**WHAT IS REQUIRED**
The copy has to match the data exactly and leave out every picture.
━━ INPUT FOR THIS TASK ━━
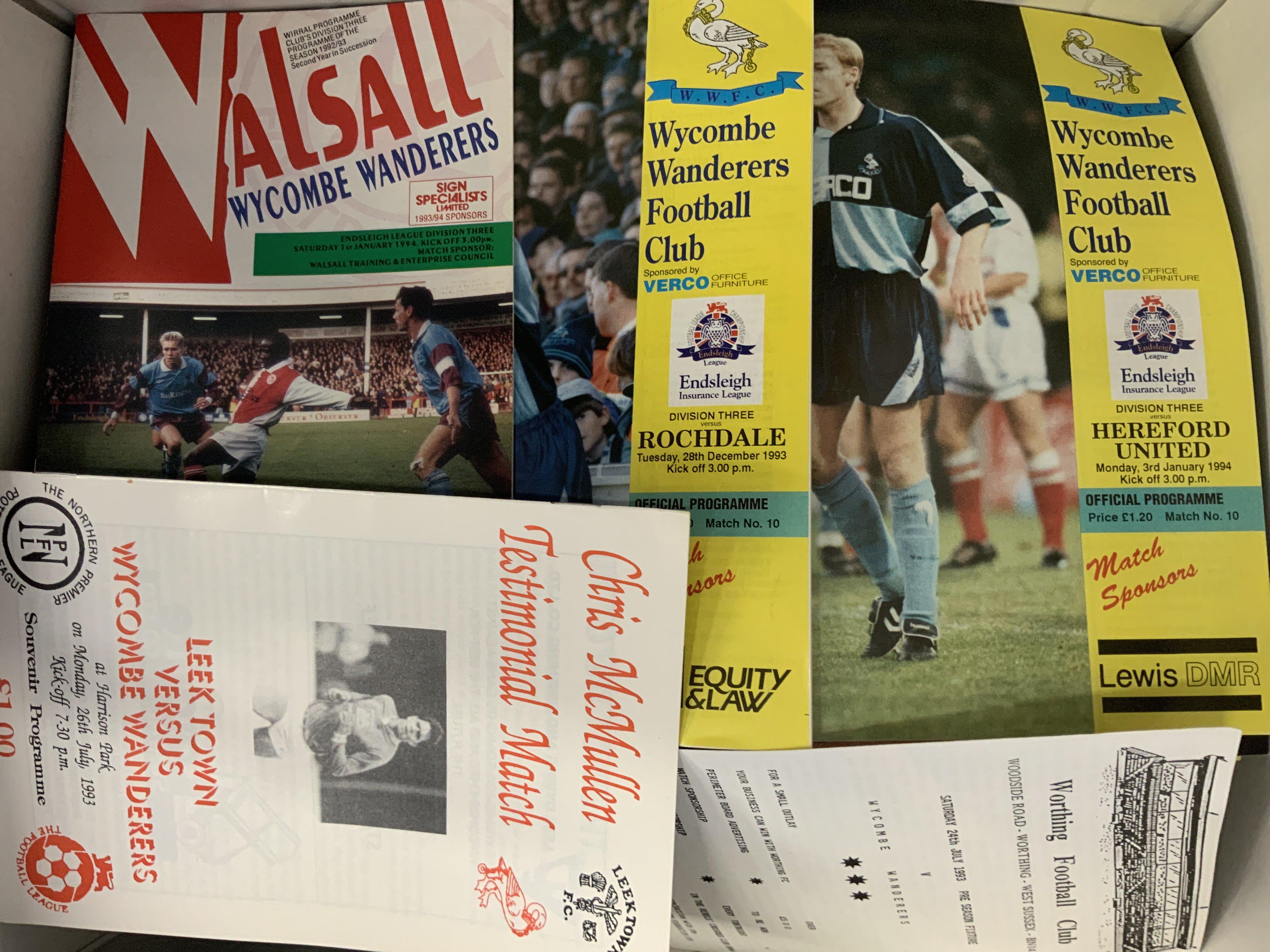 Wycombe Wanderers Football Programme CollectIon: From the 92/93 Conference League season there are 42 league 3 FA Cup, 8 Trophy and 16 reserves. From the first season in the league there are 45 league including play offs 3 FA Cup 4 League Cup, 7 Autoglass and 8 friendlies. Instructions to sell.
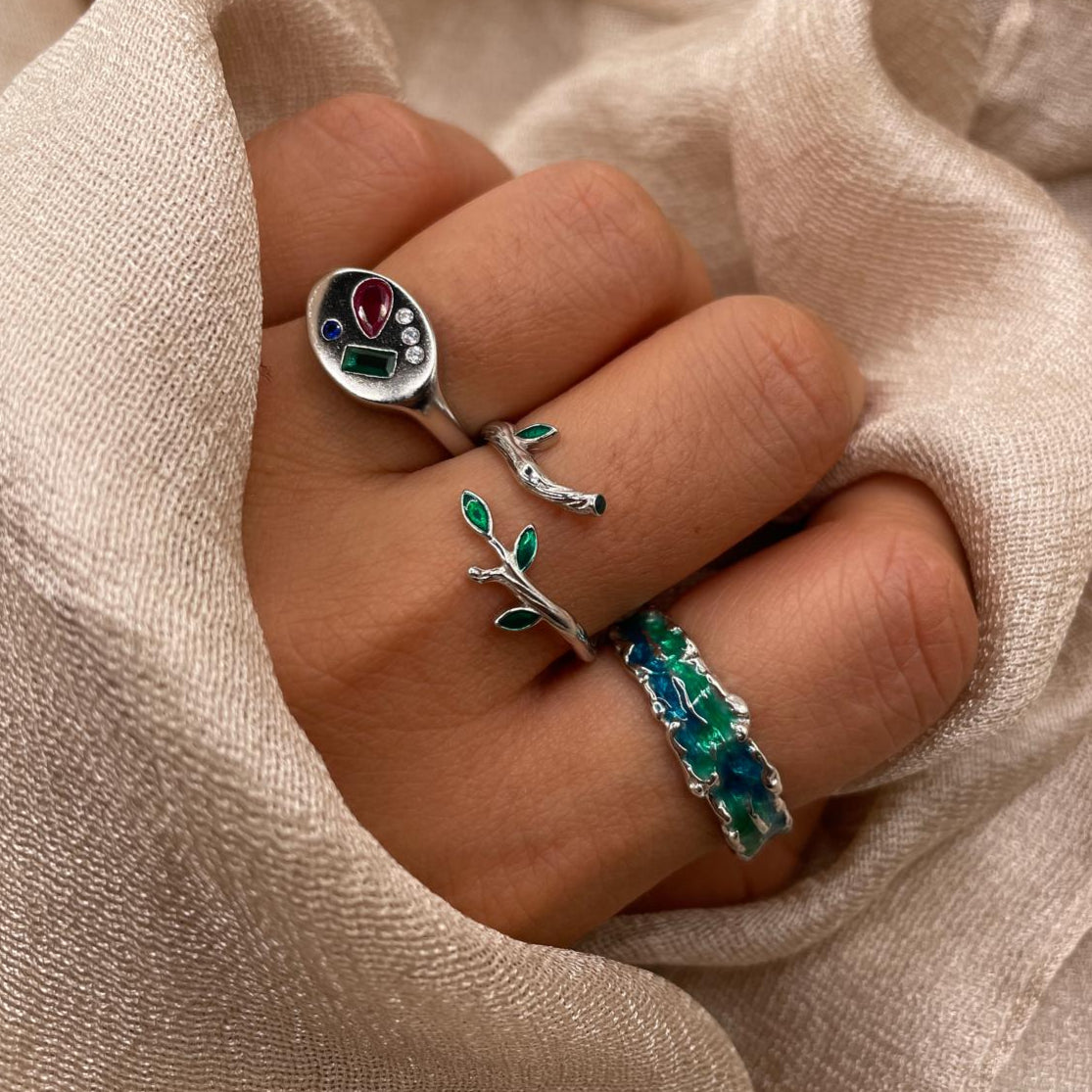 This 925 Sterling Silver Leaf Ring is inspired by delicate tree branches, finished with vibrant green enamel leaves. A lightweight, elegant piece that makes the perfect everyday accessory or thoughtful gift for nature lovers.
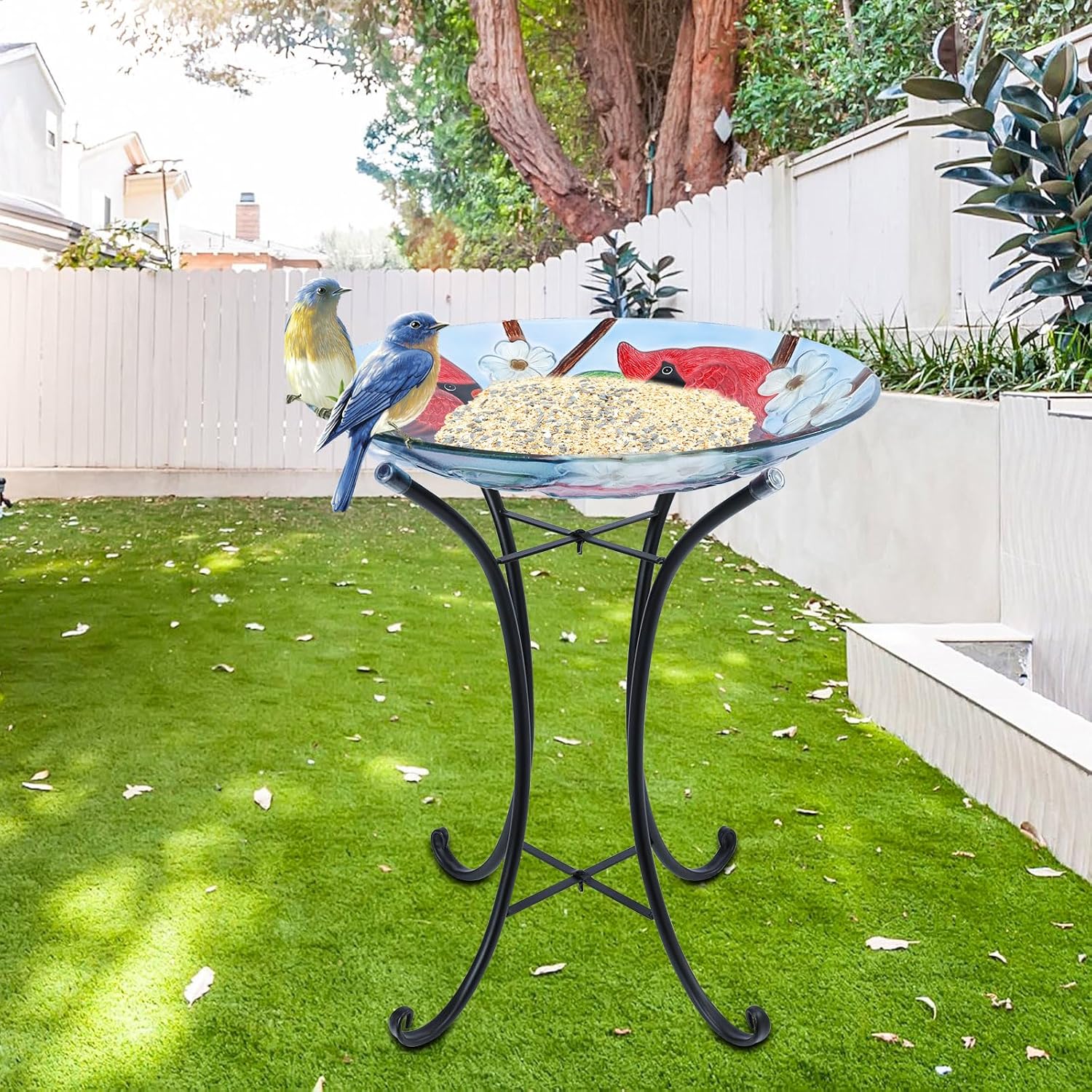 - Red cardinals bird bath has weather resistant, durable material and glass bird bath bowl is designed with Cardinal pattern, which is a gorgeous addition to any lawn garden yard outdoor space
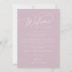 Dieses elegante, rosafarbene Hochzeitsgeschenk eignet sich perfekt für eine einfache Hochzeit. Das moderne minimalistische Design besticht durch zeitlose staubige Rose in Rosa und romantische Kalligraphie mit böhmischem Märchenstil, die sich perfekt für eine Hochzeit im Frühjahr oder im Sommer eignet. Auf der Vorderseite des Begrüßungstafels befindet sich ein Begrüßungsbrief und auf der Rückseite befindet sich die Zeitachse für die Hochzeitsreise. Diese Noten sind ideal für Hochzeiten in Urlaubsort und Begrüßungstaschen für Hotelgäste.
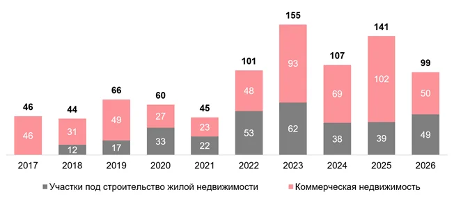 В пресс-службе уточнили, что несмотря на позитивные сдвиги в структуре распределения инвестиций, объем вложений в жилье за I квартал 2026 года не рекордный — в 2022–2023 годах показатели были выше за счет льготной ипотеки, стимулировавшей застройщиков скупать площадки. После отмены программы в середине 2024 года спрос снизился, что сократило число сделок. При этом за три года 2026 показал максимум — 49 млрд рублей против 39 млрд в 2025 году и 38 млрд в 2024 году.
━━━
**SOLUTION FOR THIS PROBLEM**
 Wycombe Wanderers Football Programme CollectIon: From the 92/93 Conference League season there are 42 league 3 FA Cup, 8 Trophy and 16 reserves. From the first season in the league there are 45 league including play offs 3 FA Cup 4 League Cup, 7 Autoglass and 8 friendlies. Instructions to sell.
 This 925 Sterling Silver Leaf Ring is inspired by delicate tree branches, finished with vibrant green enamel leaves. A lightweight, elegant piece that makes the perfect everyday accessory or thoughtful gift for nature lovers.
 - Red cardinals bird bath has weather resistant, durable material and glass bird bath bowl is designed with Cardinal pattern, which is a gorgeous addition to any lawn garden yard outdoor space
 Dieses elegante, rosafarbene Hochzeitsgeschenk eignet sich perfekt für eine einfache Hochzeit. Das moderne minimalistische Design besticht durch zeitlose staubige Rose in Rosa und romantische Kalligraphie mit böhmischem Märchenstil, die sich perfekt für eine Hochzeit im Frühjahr oder im Sommer eignet. Auf der Vorderseite des Begrüßungstafels befindet sich ein Begrüßungsbrief und auf der Rückseite befindet sich die Zeitachse für die Hochzeitsreise. Diese Noten sind ideal für Hochzeiten in Urlaubsort und Begrüßungstaschen für Hotelgäste.
 В пресс-службе уточнили, что несмотря на позитивные сдвиги в структуре распределения инвестиций, объем вложений в жилье за I квартал 2026 года не рекордный — в 2022–2023 годах показатели были выше за счет льготной ипотеки, стимулировавшей застройщиков скупать площадки. После отмены программы в середине 2024 года спрос снизился, что сократило число сделок. При этом за три года 2026 показал максимум — 49 млрд рублей против 39 млрд в 2025 году и 38 млрд в 2024 году.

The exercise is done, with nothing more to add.